Gaining regulatory approval from China and satisfying customary closing conditions are the two remaining hurdles for Dell as it plans to acquire EMC, after the latter's shareholders voted overwhelmingly in favour of the deal yesterday.
Some 98 per cent of voting EMC shareholders were in favour of the merger. But those people represented only 74 per cent of EMC's outstanding common stock as of yesterday. A full breakdown of the vote will be published in an 8-K filing later this week.
Yesterday, when questioned by an analyst on an EMC earnings call, its chief executive Joe Tucci denied that waiting on approval from China was "delaying" things, insisting that the appropriate processes are being followed.
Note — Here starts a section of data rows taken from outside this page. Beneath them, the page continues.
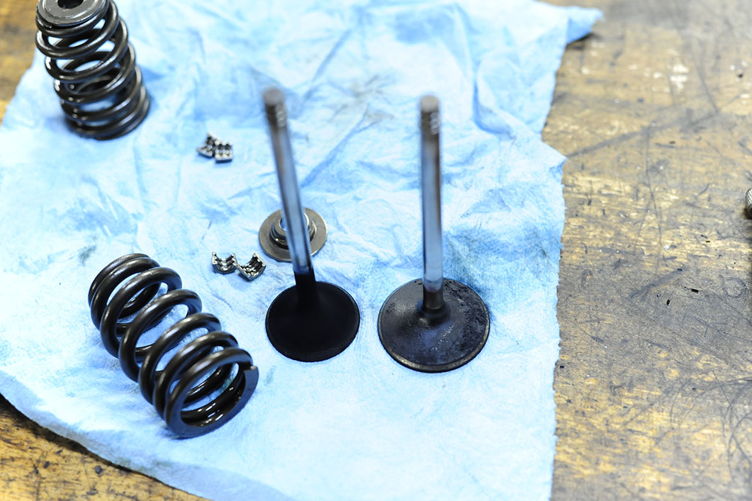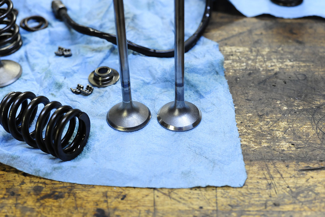 シリンダーヘッド インテーク&エグゾーストポート内と、シリンダーヘッド・チャンバー内のカーボン除去はもちろん、バルブのカーボン落としを行い、ヘッドの徹底洗浄を行う。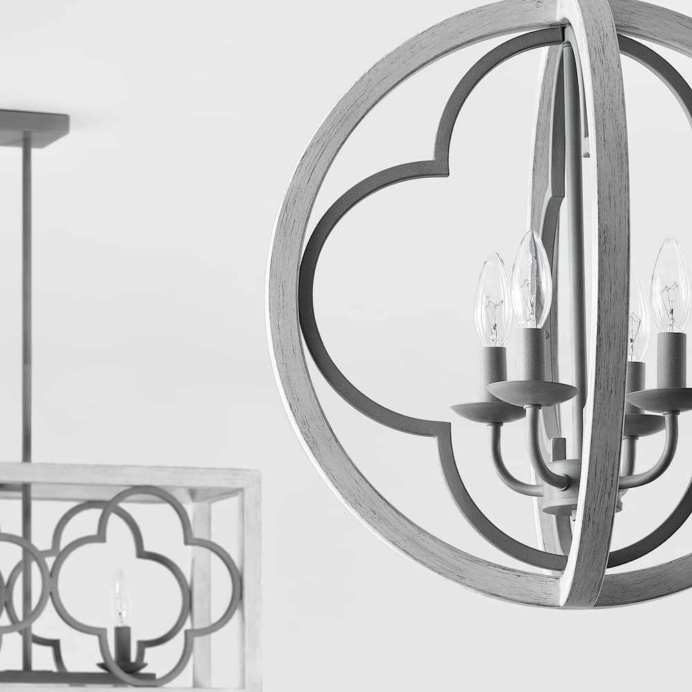 With a beautiful quatrefoil design, hang multiple 19-inch Gablecrest pendant lights above the dining room table for a stunning, unique look. The Victorian and European design influences in the Gablecrest come together for a fresh look as kitchen island lighting in farmhouse or French country inspired spaces.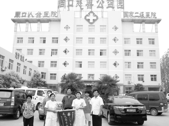 近日,商水县郝岗乡南社村村民刘某的妻子在周口人合医院顺利生下3子。该院考虑到其家庭困难,免除其部分费用,并为其捐款1000元。图为患者家属给医院赠送锦旗,以表谢意。 记者 史书杰 摄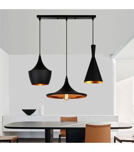 Lustre Suspension DESIGN avec son look vintage – rétro très tendance, ce Lustre Suspension moderne attirera tous les regards et illuminera la beauté de vos espaces de vie, comme le salon, la salle à manger, la cuisine, le couloir ou les chambres. ECLAIRAGE la lampe de plafond de design industriel est équipée d’une douille E27 pour ampoules LED ou halogènes d’une puissance de 60 Watt maximale. Nous recommandons des ampoules à filaments de type Edison afin de compléter l’aspect vintage. REGLABLE câble réglable, vous pouvez l’ajuster selons votre besoin, il peut etre comme un Lustre Suspension aussi quand vous réduire le longueur de câble MONTAGE – afin de vous faciliter l’installation, tout le matériel nécessaire pour le montage, vis et chevilles, est fourni. Le Lustre Suspension attire l’attention dans votre maison. • Design: Vintage, Industrielle • Matériau: Fer • Douille: E27 • nombre d’ampoule requise: 3x ampoule (non inclus dans notre paquet) • Ampoule: LED/Edison/à incandescence • ...
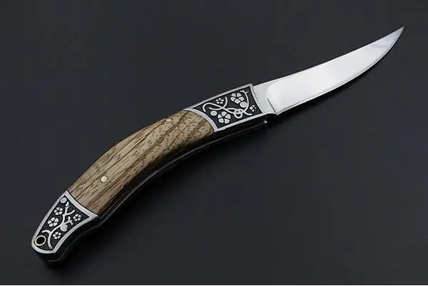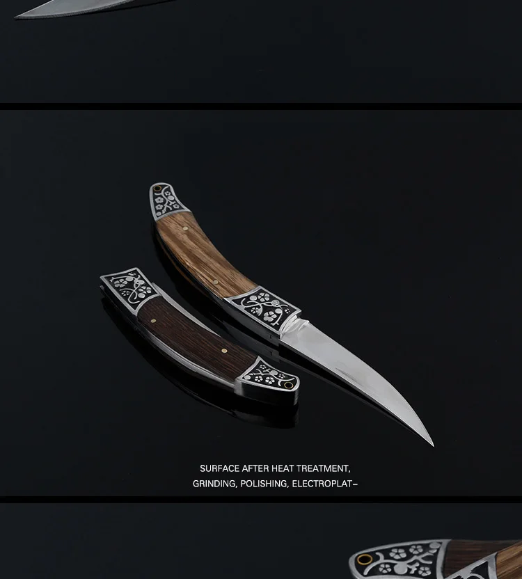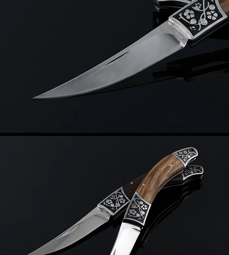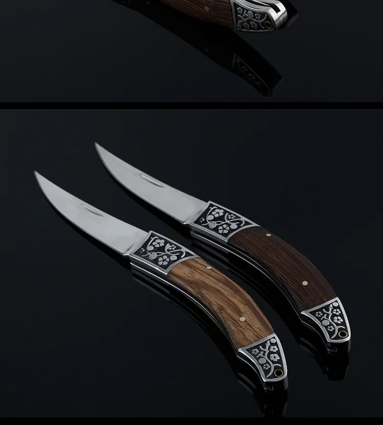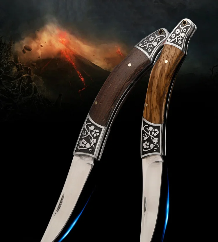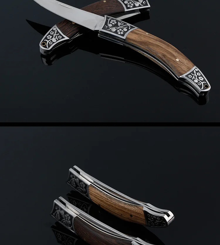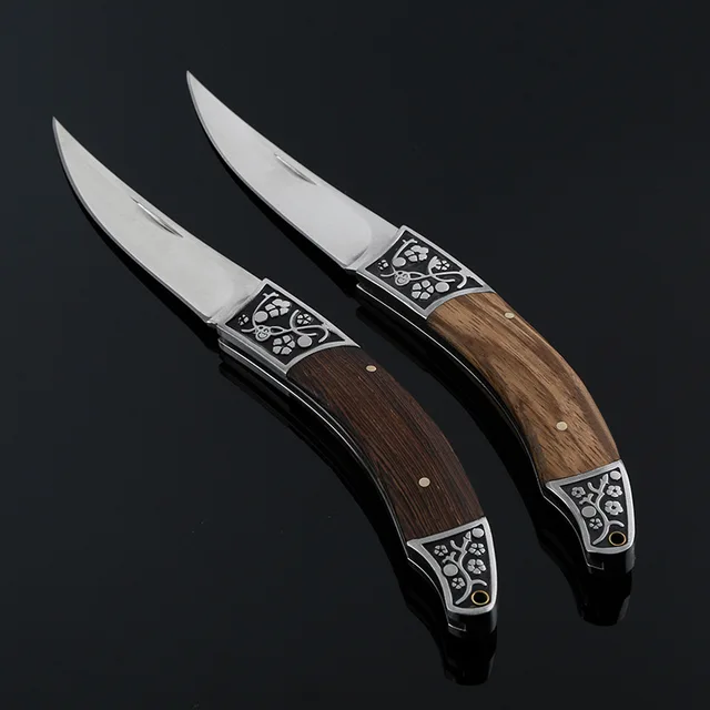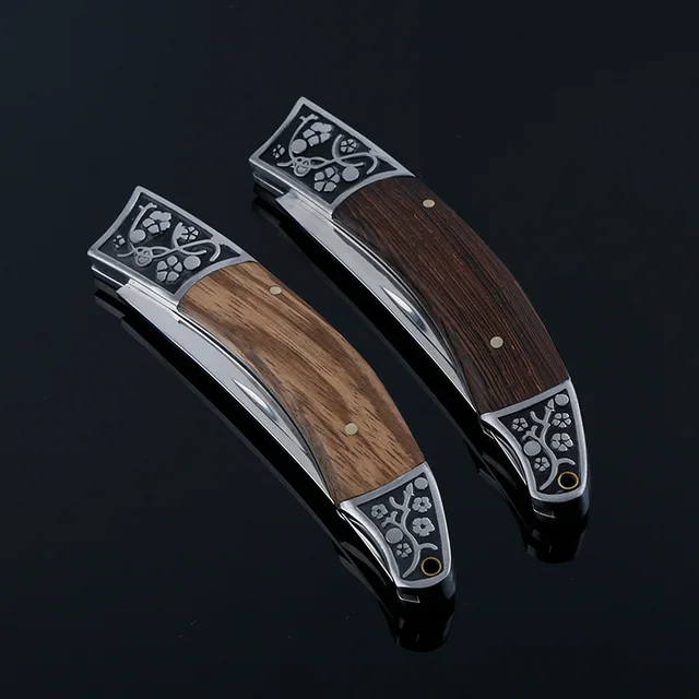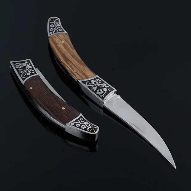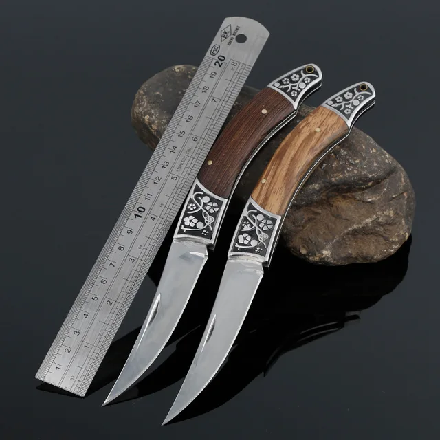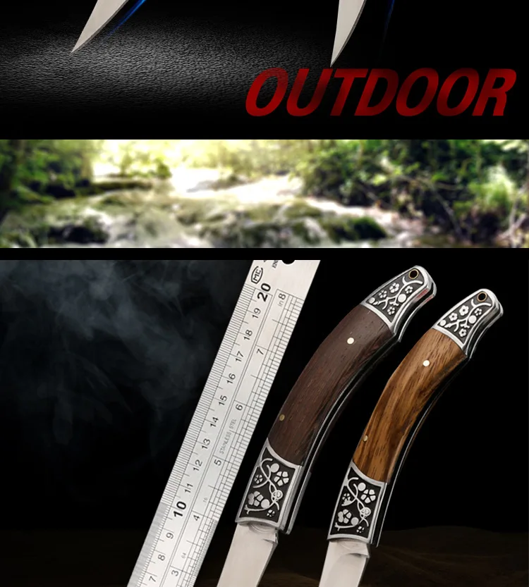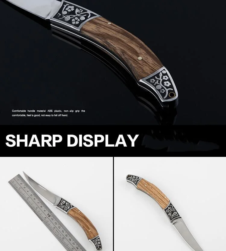 | [해외] 초승달 619F 야외 접는 칼 얼룩말 나무 핸들 나일론 칼집 사냥 캠핑 생존 도구 상당 56HRC 스위스 포켓 나이프 |

Following yesterday's shareholder vote, EMC claims the transaction is expected to close on the original terms and within the originally announced timeframe – before October.
When the deal does go ahead, the family of companies will be known as Dell Technologies. The PC business will retain the Dell moniker, while the enterprise unit in which EMC will sit will be referred to as Dell EMC.
A new joint Dell EMC partner programme is due to come into place by February.
EMC's Tucci reiterated the message that the combined entity will be a "powerhouse in the technology industry" and added that he is pleased with the outcome of the shareholder vote.
"The board and I care very deeply about, and have worked diligently to represent, what we believe is the best outcome for all stakeholders," he said. "I want to thank our shareholders for their support, as well as our customers and partners. My special thanks to the talented people of EMC for their hard work, dedication and passion."